Мать и сестра обменялись взглядами, как бы обсуждая создавшуюся ситуацию. А Таер, оставив их, повернулся к Сэре.

Мать Таера улыбнулась Вечной Страннице:

– Девочка, так ли тебе срочно нужно найти свой народ? Если тебя не позовет ветер странствий, пока я не перейду из этой жизни в мир иной, может, ты останешься и будешь нашей гостьей на сезон? Чтобы мы не лишились Таера, сразу же как обрели.

– Вечная Странница может плохо повлиять на ваш бизнес, – ответила Сэра. – Как я говорила, совсем необязательно, чтобы Таер меня провожал. Я вполне способна найти свой народ и сама.

– Если ты уйдешь, он пойдет за тобой, – смиренно вставила Алина. – Утекло много воды с тех пор, как я видела своего брата, но сомневаюсь, чтобы он сильно изменился и отступит, если дал слово.

– Останься, пожалуйста, – попросила мать. – Если несколько человек не сядут за стол, где ела Вечная Странница, то новый бизнес, который мы получим от любопытства тех, кто придет в пекарню просто на тебя посмотреть, принесет нам куда больше дохода.

У Сэры не было иллюзий, будто она будет здесь желанным гостем. Но и не было сомнений, что вряд ли они захотели бы ее пригласить, если бы это не был единственный способ хоть на некоторое время задержать Таера.

Я останусь, – неохотно согласилась она и почувствовала, как с ее плеч свалилась тяжесть, ведь теперь ей не придется сражаться с демонами и видеть, как вокруг гибнут люди, потому что она не в силах их защитить. – Я останусь не надолго.

– Где мой брат? – В голосе Алины звучало обвинение, как будто она не сомневалась, что Сэра сделала что-то Таеру.

Сэра оторвала взгляд от просеиваемой никогда не заканчивающейся муки – теперь она должна была заниматься этой черной работой – и посмотрела на пустующее рядом с ней место, где Таер провел последние три недели, смешивая различные компоненты дрожжевого теста. Она от удивления подняла брови, как будто и не заметила, что сегодня с утра его здесь не было. Затем перевела взгляд на Алину и пожала плечами.

Это было грубо с ее стороны, но и вопрос Алины не отличался вежливостью.

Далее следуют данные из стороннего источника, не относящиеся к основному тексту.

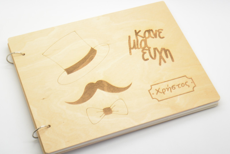 Βιβλίο ευχών βάπτισης με θέμα μικρός κύριος με ξύλινο εξώφυλλο χαραγμένο με laser. Η διάσταση του είναι 28.5 x 22 εκ και περιέχει 30 σελίδες. Μπορεί να γίνει σε ότι θέμα θέλετε καθώς και να χαρακτεί το όνομα του παιδιού σας.

Алина поджала губы: она остерегалась Вечных Странников, потому больше ничего не сказала. Просто развернулась и ушла, оставив Сэру наедине с работой.

Таера не было до самого обеда. Вернувшись, он поцеловал Алину в макушку и уселся напротив сестры рядом с Сэрой.

– Где ты был? – спросила Алина.

– Ездил верхом, – произнес он тоном, предотвращающим дальнейшие расспросы. – Сэра, передай, пожалуйста, морковь.


Таер вернулся к ритмичному укладу жизни пекарни, как будто он не провел лучшую часть последнего десятилетия с мечом в руке вместо деревянной ложки. Он просыпался до рассвета, чтобы разжечь печи, а уже спустя несколько дней перестал расспрашивать Алину о правильных пропорциях ингредиентов.

Он видел, что дни стали тянуться бесконечной чередой, каждый следующий день похож на предыдущий. Годы службы не смирили его с мыслью, что остаток жизни он проведет, выпекая булочки.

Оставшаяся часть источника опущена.